**Collected data**:

▼

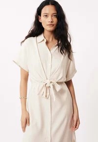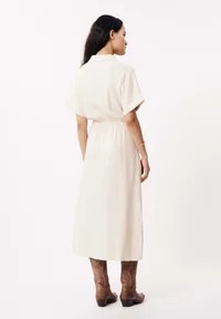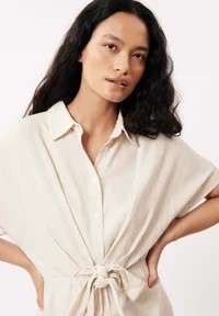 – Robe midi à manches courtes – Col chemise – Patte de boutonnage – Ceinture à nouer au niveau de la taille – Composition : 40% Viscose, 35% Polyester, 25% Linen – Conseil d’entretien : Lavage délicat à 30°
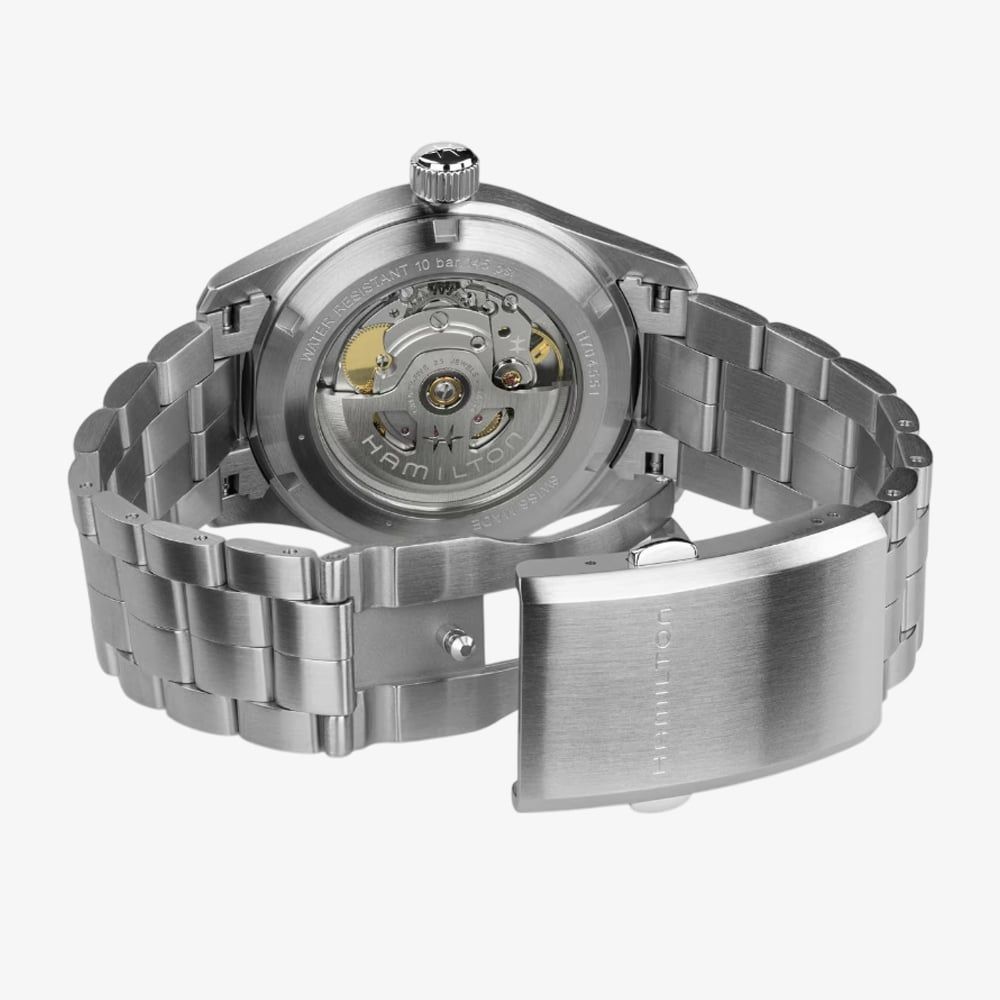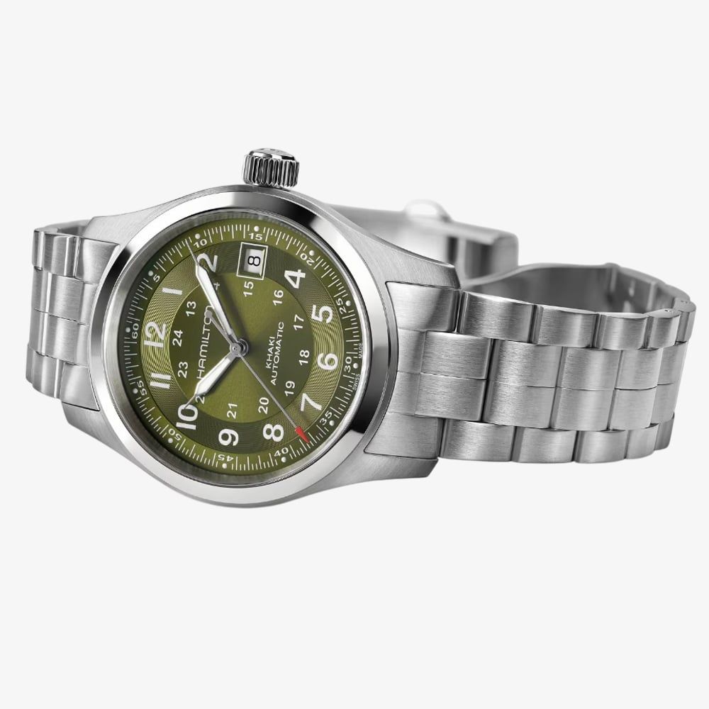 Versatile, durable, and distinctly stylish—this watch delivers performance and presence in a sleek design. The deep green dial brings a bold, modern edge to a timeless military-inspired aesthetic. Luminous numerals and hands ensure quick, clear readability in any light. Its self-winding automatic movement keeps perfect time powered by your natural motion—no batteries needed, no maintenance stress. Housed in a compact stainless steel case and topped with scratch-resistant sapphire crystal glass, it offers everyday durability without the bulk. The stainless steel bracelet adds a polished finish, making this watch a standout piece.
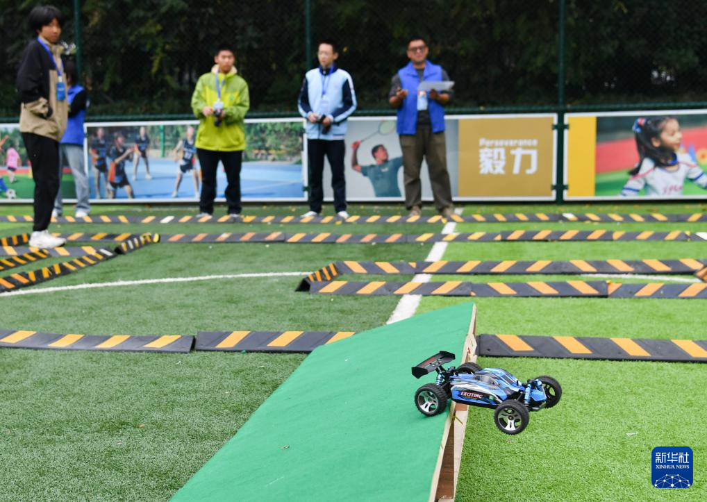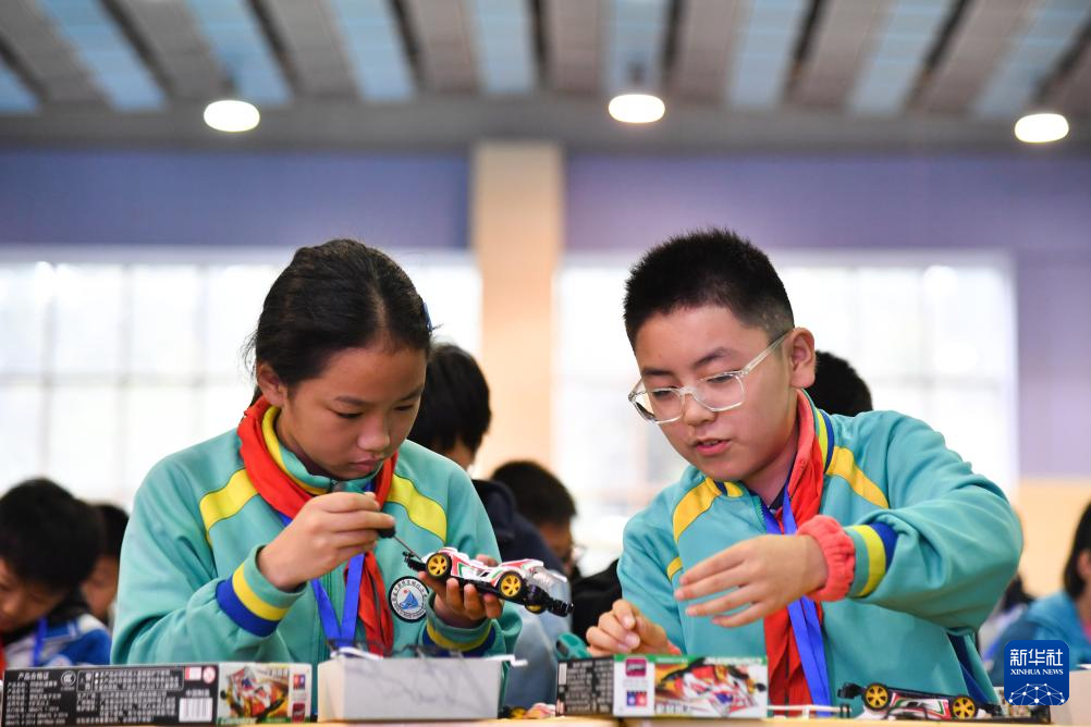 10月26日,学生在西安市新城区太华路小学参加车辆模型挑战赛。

▲

**Problem statement**: With the pictures removed, set down every line of the listing above exactly.

**Task solution**:
 – Robe midi à manches courtes – Col chemise – Patte de boutonnage – Ceinture à nouer au niveau de la taille – Composition : 40% Viscose, 35% Polyester, 25% Linen – Conseil d’entretien : Lavage délicat à 30°
 Versatile, durable, and distinctly stylish—this watch delivers performance and presence in a sleek design. The deep green dial brings a bold, modern edge to a timeless military-inspired aesthetic. Luminous numerals and hands ensure quick, clear readability in any light. Its self-winding automatic movement keeps perfect time powered by your natural motion—no batteries needed, no maintenance stress. Housed in a compact stainless steel case and topped with scratch-resistant sapphire crystal glass, it offers everyday durability without the bulk. The stainless steel bracelet adds a polished finish, making this watch a standout piece.
 10月26日,学生在西安市新城区太华路小学参加车辆模型挑战赛。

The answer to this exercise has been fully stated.